Though this is also how the Akka documentation advised on how to use the TCP system so I sticked with it.
So basically the server Actors will try to restart when something occurred they could not recover from while the client Actors will simply be killed to prevent anything from escalating.
I wanted to write a MapleStory server in Erlang but never got around to it, so I'm looking forward to seeing your progress because it is naturally going to be architecturally similar. Making each client an actor seems like the right thing to do. With that said, here are some considerations:
Don't really get what you mean by client affecting the server, but the main benefit I see in making each client an actor is to have the power to persist client state even if a server fails. You can look into making each client supervise its server actor, so if a server fails then the character data can be persisted and the client session can be automatically migrated to a functioning server.
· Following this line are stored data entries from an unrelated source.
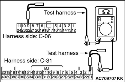 STEP 33. Check the wiring harness between joint connector (CAN1) C-06 and ETACS-ECU connector C-301 for line-to-line short. Measure the resistance at joint connector (CAN1) C-06.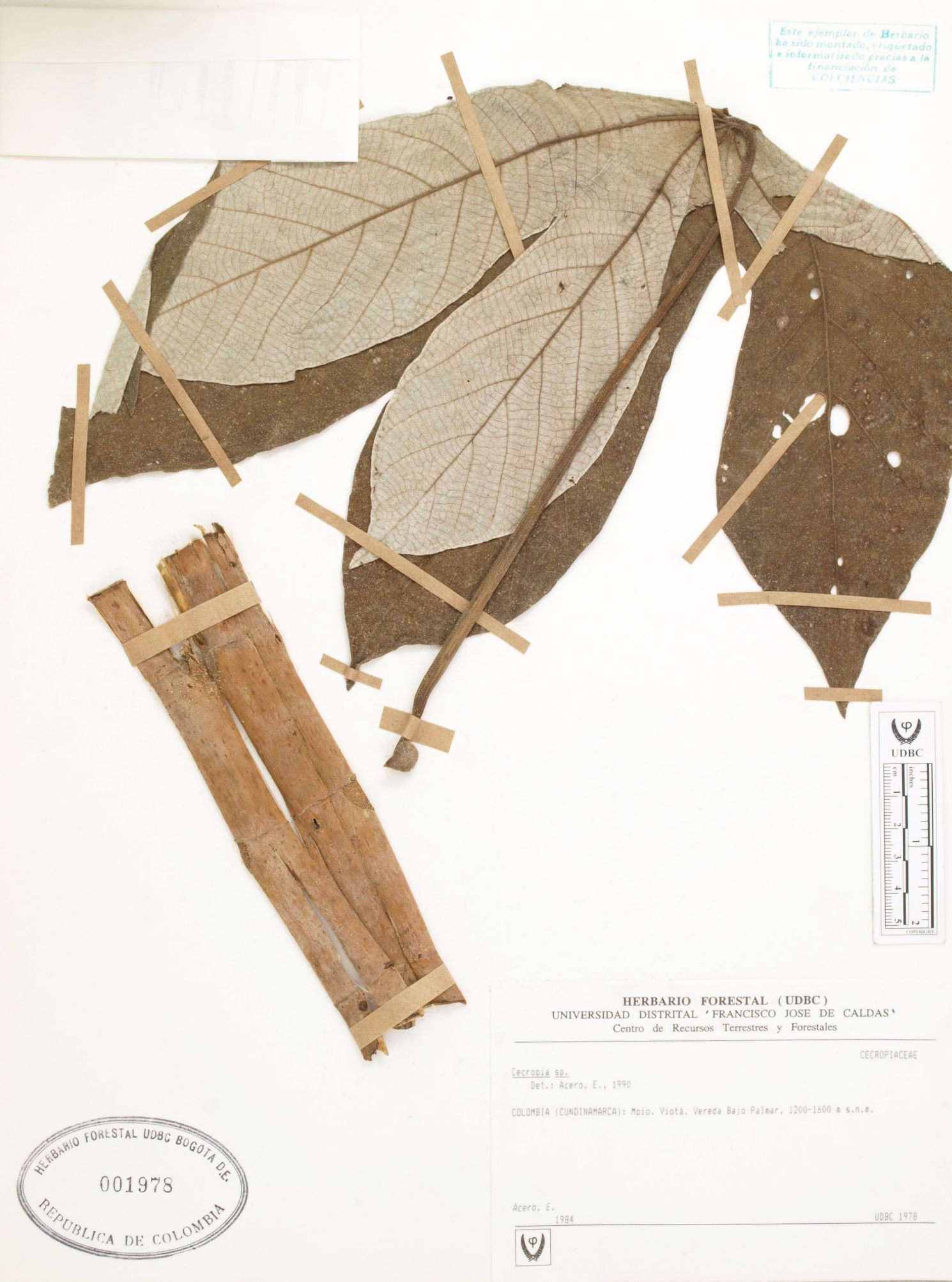 Fotografía del ejemplar Acero, E., determinado como Cecropia sp. en el año 1990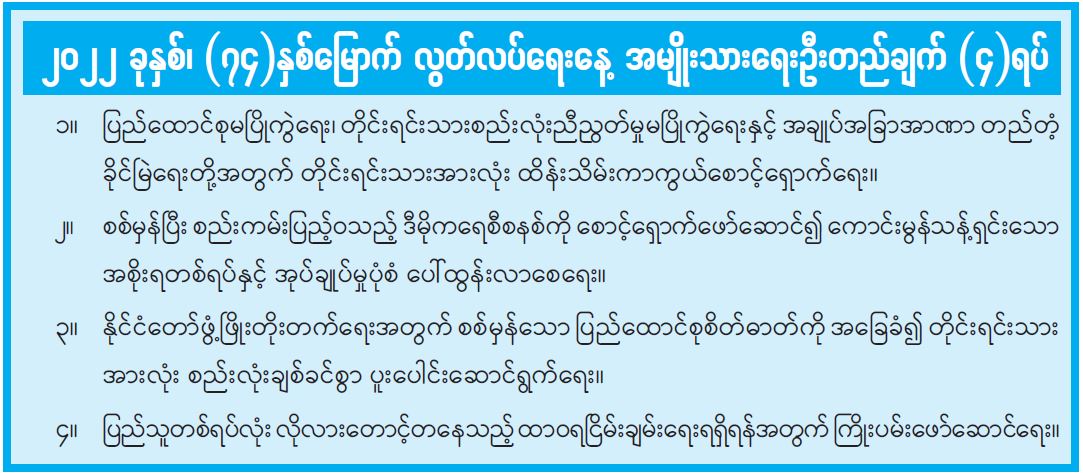 ၂၀၂၂ ခုနှစ်၊ (၇၄)နှစ်မြောက် လွတ်လပ်ရေးနေ့ အမျိုးသားရေးဦးတည်ချက် (၄)ရပ်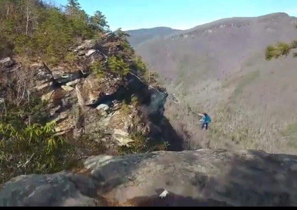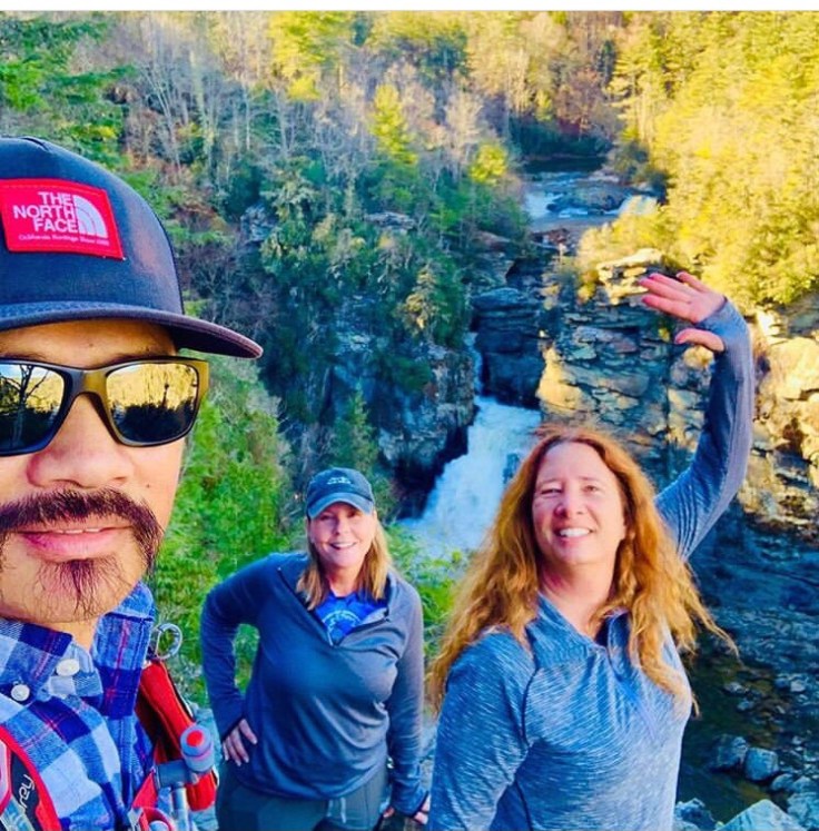 We got to the car and headed back down toward the falls. Mike texted and said he was at Wiseman’s view. I told him we were at Babel trail and he was going to go out the other way after he watched the sunset. We went to Linville Falls and took the trail to the falls. We didn’t go to the first overlook – too many people. We went down to the next one and ran into Cypress. We follow him on Instagram and met him at Hanging Rock. See small world.

Akka has some cool health checking functionality, but I don't know if it's possible to have a many-to-one supervision scheme, or if it's even necessary - maybe there's a simpler way. I'm not overly familiar with Akka.
Also I looked through your code a little bit (I like it when things are on Github) and it seems like you never keep characters in memory? Every time a user gets its character it re-constructs one from the database. If I'm not wrong, then perhaps you should look into changing that.
It seems like you have two actors per player (one as the Client, one unnamed representing the raw tcp connection between player and server), but I guess that doesn't really matter.
Like others have said, you really should use pattern matching on Options and similar things instead of for loops though, it's more readable and is considered good practice.
Have you thought about how you are going to implement cross-server messages? Right now I don't think you keep track of all clients in the server, so you should probably think about how you would implement a super megaphone (or buddy/guild chat, etc) because that's probably a design decision that needs to be made early on.
It seems like this is where there is added complexity by making each client its actor.